# First taste of ZP!



## pupluv168 (Mar 7, 2012)

So, tonight Toby is skipping a meal in preparation of starting ZP full time tomorrow. I got the ZP this afternoon and I decided tonight to give him a piece and see how he liked it. When I gave it to him, I also gave Lilly and Rocky pieces as a treat. 

Well...

Rocky ate it whole. Scarfed it down. The little Chihuahua piggy loved it, as he loves all food. 

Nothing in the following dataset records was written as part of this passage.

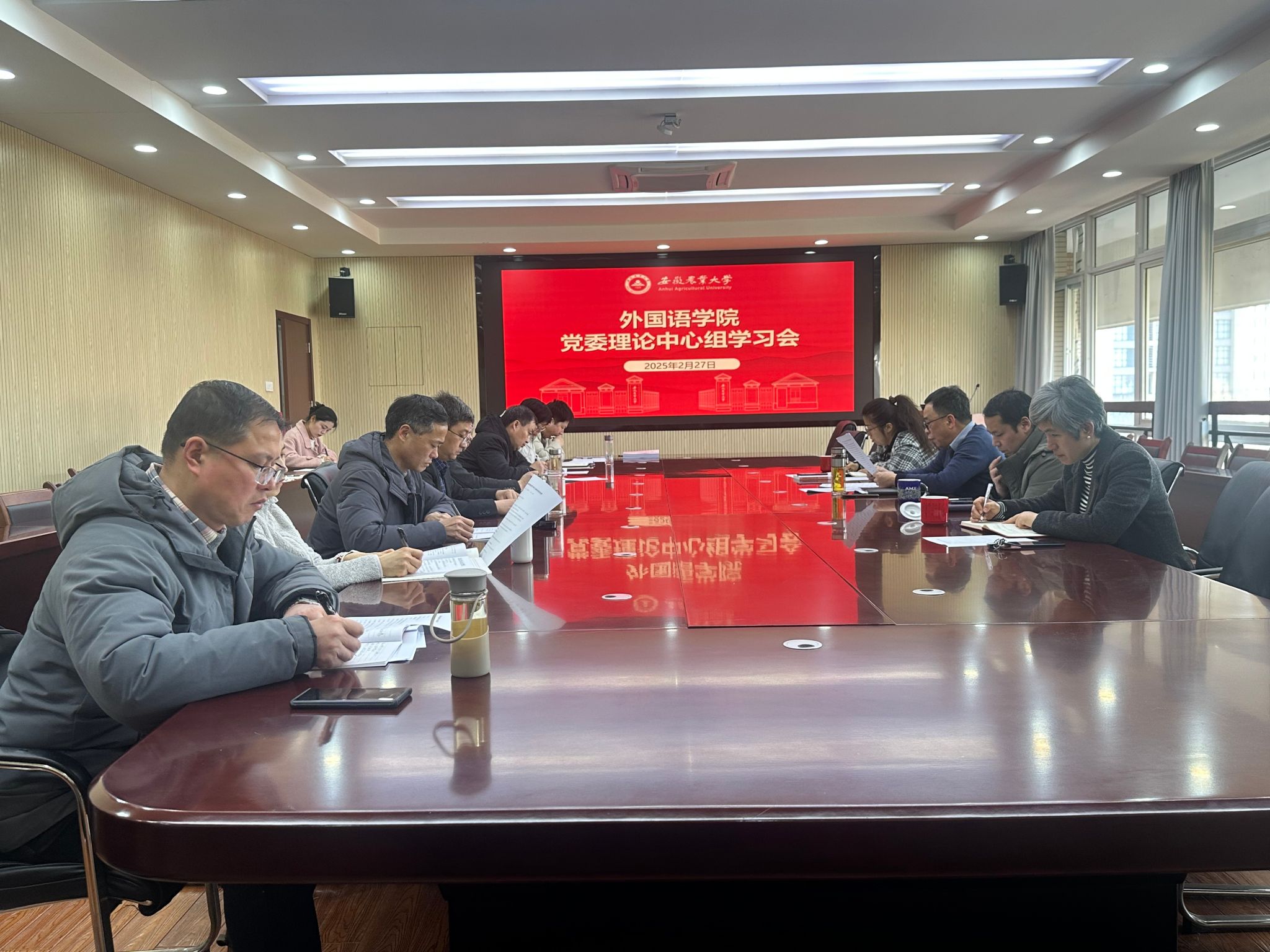 本网讯 2月27日下午,外国语学院召开党委理论学习中心组学习会。学院党政领导、党委理论学习中心组成员参会。会议由学院党委书记何如海主持。
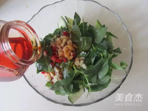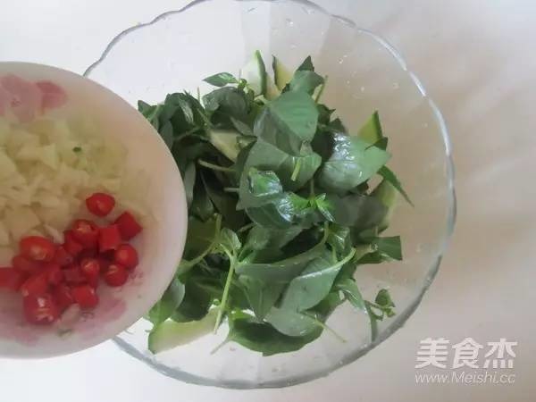黄瓜可是夏季凉拌菜的主力军,富含维生素C和维生素E,清热利水、解毒消肿、生津止渴。常吃黄瓜,可以提高抵抗力、延缓衰老,而且黄瓜含有丙氨酸、精氨酸,有防止酒精中毒的作用,所以,很适合做下酒菜。 今天有位朋友问,黄瓜和什么一起拌好吃?我回答是黄瓜和蒜泥、荆芥一起拌都好吃。这道菜,也是我家经常吃的,黄瓜搭配荆芥,吃起来别有一番滋味,特别适合下酒。 关于荆芥,河南的特色菜,这里的人大多都喜欢吃,喜欢到了无论做菜、做汤、做面条都要放的地步!有些朋友说,受不了这个味道,一打开袋子就闻到了强烈的怪味儿,吃着还有点辣。是的,荆芥和薄荷一样含有挥发油,有着比较浓郁的芳香气味,吃起来也的确有点辣辣的。 -荆芥拌黄瓜- By 斯佳丽 用料 主料:水果黄瓜2根、荆芥3根 辅料:红椒2个、蒜2瓣、香醋1勺、生抽1勺、油盐适量 做法 1.准备好原材料; 2.摘下荆芥的叶片, 黄瓜切成菱形片, 红椒和蒜切成末; 3.将所有的原材料放入大碗中; 4.加入少许盐; 5.加入香醋和生抽; 6.放入适量的辣椒油, 拌均匀盛入盘中; 7.端上桌了。 烹饪技巧 1. 荆芥选用嫩叶片; 2. 不吃辣的用普通芝麻香油替换红辣椒油 绿谷制药 sohu.com/a/271426816_729399
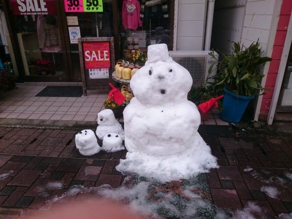 朝から、気温が低く、雪が残ってましたお昼、街中、徘徊 屋根から、解けた雪が落ちてくる (固まり、氷状態)14時04分 4度まで上がったけど。寒い 昨日の、雪ダルマがあった。可愛い、親子ダルマかな?岡東のダルマ、解けたのかな?『恵比寿様』でした。固めて、固めて、削りました魚を持たせて下さい、みりん干しでも良いから!
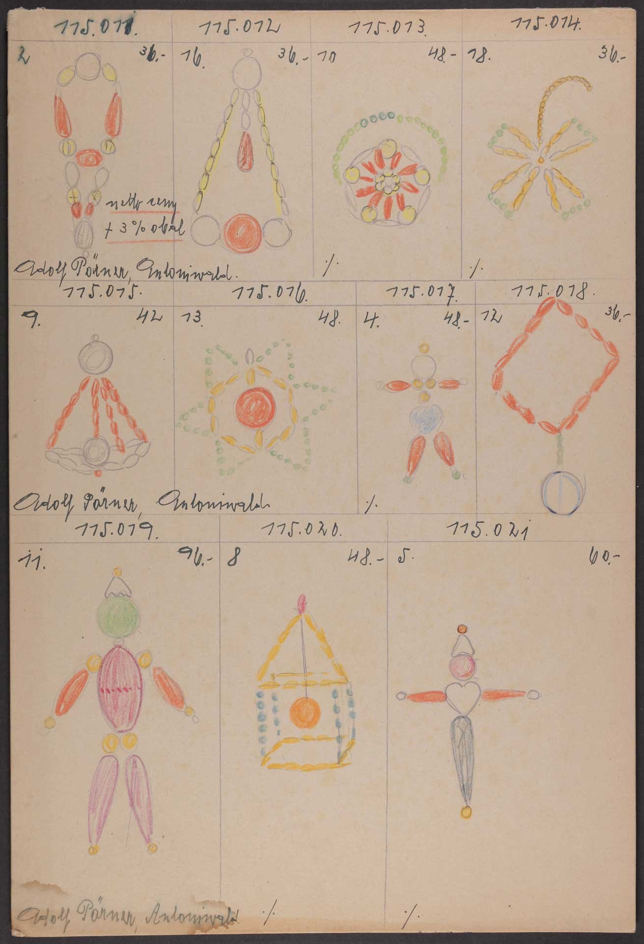 Adolf Pörner, Antoniwald/Antonínov, Musterkarte für die Produktion von Christbaumschmuck aus Gablonz/Jablonec nad Nisou Buntstift, Bleistift, Tusche auf Karton © MAK
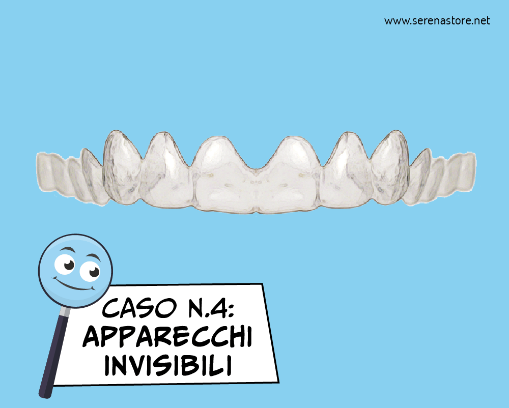 4: Apparecchi invisibili. Sono delle mascherine trasparenti che si posizionano sui denti, devono essere sostituite a intervalli prestabiliti. Possono essere utilizzate da adulti ed adolescenti, garantiscono un'ottima estetica e comfort
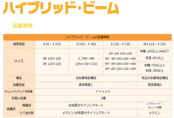 そして、この「構造用集成材」は各集成材メーカーさんが作ってくれるものを使うわけですが、設計の際には想定した「使用環境」に対応するものをオーダーすることになります。具体的な例として、弊社が県産材の集成材以外で使用する「中国木材製集成材」の「ラミナビーム」と「ハイブリッドビーム」についてご紹介します。
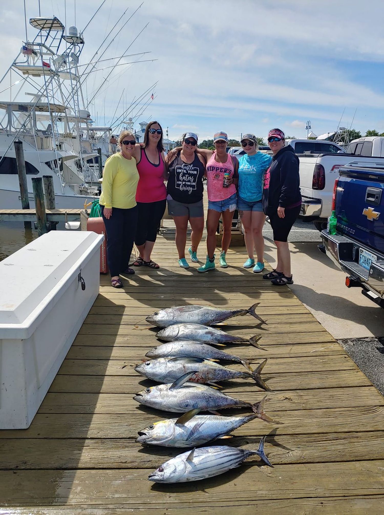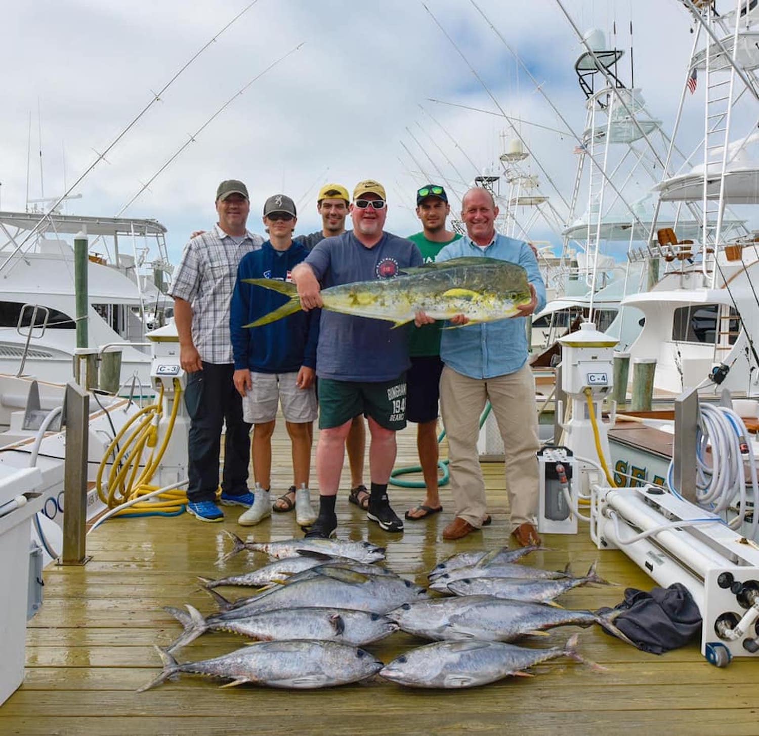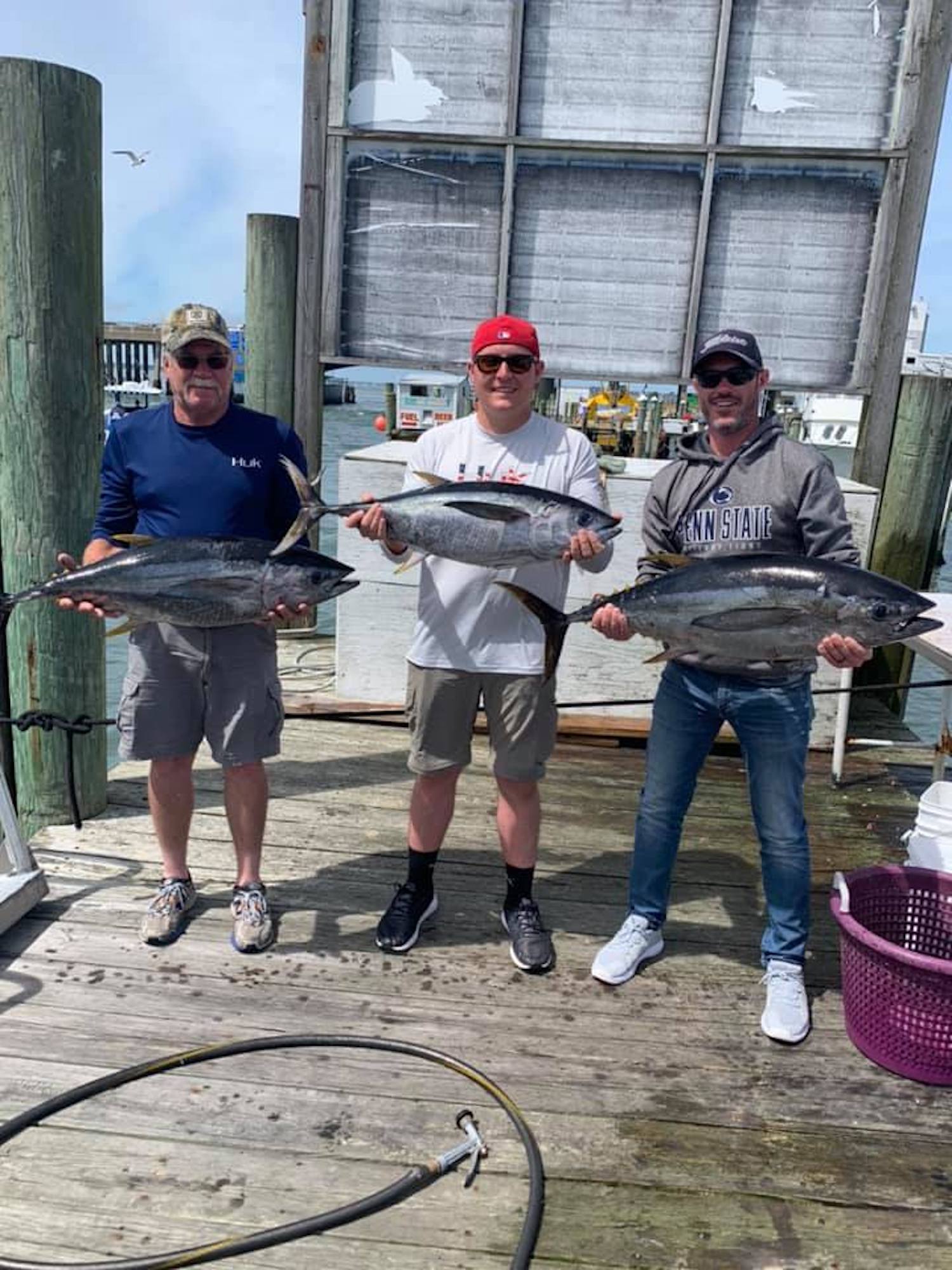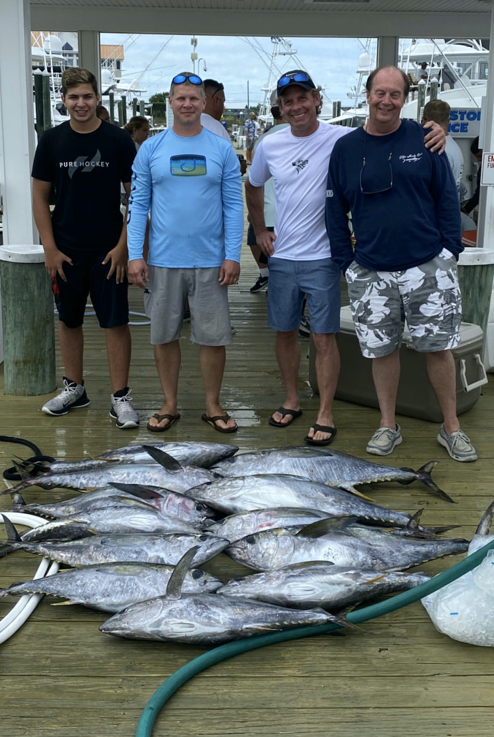 The crew of RoShamBo with Captain Willie Zimmerman ended up with a nice pile of yellowfin tuna on the dock at the Ocean City Fishing Center.
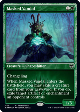 When Masked Vandal enters the battlefield, you may exile a creature card from your graveyard. If you do, exile target artifact or enchantment an opponent controls. |
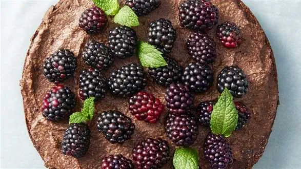 Awokado przekrawamy na pół, usuwamy pestki i wyjmujemy miąższ, który miksujemy z pozostałymi składnikami kremu. Krem wykładamy na ostudzone ciasto.

Lilly ate hers right away and loved it. 

Toby held it in his mouth and then spit it out. He repeated that about four times. Then, my sister suggested he didn't like the size of it, so I broke a piece in three. He chowed down on them! The pieces were just too big! So I decided to take a hammer to the bag to break up the pieces a tiny bit. BUT HE LOVED IT!!!!!! Toby has never enjoyed eating anything (treats, kibble, canned, raw meats, anything!) other than bully sticks before. It was nice to see him like a food. 

Then they all proceeded to hunt around the dining room for more for over an hour. LOL.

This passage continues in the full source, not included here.